Detour: Pure Functional Programming Functions are first class citizens: The primary means of structuring a program. A function need not have a name! A function can be passed to another program as a value. A pure function has no side effects. In a pure functional programming language like LISP There are no variables, only values. There are no side effects, only values.
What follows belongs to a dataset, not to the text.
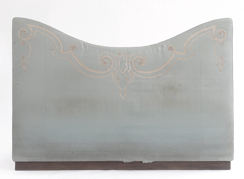 Testata da letto imbottita di forma sagomata. Milano, 1958ca. Rivestimento in tessuto di raso decorato con nastro a volute. (cm 130x184) (difetti)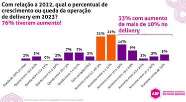 Mostrando a importância e força desse canal de atendimento, que se tornou um hábito de consumo regular na vida dos brasileiros, o delivery é utilizado por 95% das redes entrevistadas, representando 31% do faturamento para quem adota este mecanismo. Neste levantamento, 57% das marcas ouvidas utilizam aplicativos próprios e de terceiro para o delivery, enquanto 43% usam apenas plataformas de terceiros para efetuarem as entregas. Com o iFood sendo a alternativa mais buscada para vendas por 100% dos negócios, outros canais como WhatsApp com 52%, aplicativo e próprio site com 41%, Rappi com 40% e Telefone com 34% também figuram na pesquisa. No comparativo sobre o crescimento no faturamento do delivery de 2022 para 2023, 76% tiverem um aumento, sendo que em 33% das redes o crescimento foi de mais de 10% neste canal.

Hybrid languages that have functional capabilities, but do not prohibit non-functional idioms: Scala, F#, JavaScript…

By the way, Map-Reduce is Inspired by LISP: map( (lambda(x)( * x x )) (1 2 3 4) ) reduce( (lambda(x y) (+ x y)) (1 2 3 4) )

Functions in Scala: Example code: def oncePerSecond(callback: () => Unit) { while( true ) { callback(); Thread sleep 1000 } } def main(args: Array[String]) { oncePerSecond( () =>println("time flies like an arrow...") ) Define a function in the ordinary way: def name (arguments) { code } Construct an anonymous func as a value: ( arguments ) => code Accept an anonymous func as a parameter: name: ( arguments ) => code A Scala Tutorial for Java Programmers: http://www.scala-lang.org/docu/files/ScalaTutorial.pdf

Parallel Operations in Scala val n = 10; for( i <- 1 to n ) { // run code each value of i in parallel } var items = List(1,2,3); for ( i <- items ) { // run code for each value of i in parallel

Back to Spark, Using Scala A program to count all the error lines in a large text file: val file = spark.textFile(“hdfs://path/to/file”); val errs = file.filter(_.contains(“ERROR”)); val ones = errs.map( _ => 1 ); val count = ones.reduce( _+_ ); val file = spark.textFile(“hdfs://path/to/file”); val errs = file.filter( (x) => x.contains(“ERROR”)); val ones = errs.map( (x) => 1 ); val count = ones.reduce( (x,y) => x+y ); _ means “the default thing that should go here.” On Board: Implement in Spark

Logistic Regression in Spark val points = spark.textFile( … ).map(parsePoint).cache() var w = Vector.random(D) for( i <- 1 to ITERATIONS ) { val grad = spark.acculmulator( new Vector(D) ) for( p <- points ) { val s = (1/(1+exp(-p.y*(w dot p.x)))-1)*p.y grad += s * p.x } w -= grad.value

Fault Tolerance via Recomputation (Work out on the board.)

Result: Spark is 10-100X faster than Hadoop on equivalent iterative problems. (It does everything in memory instead of disk.)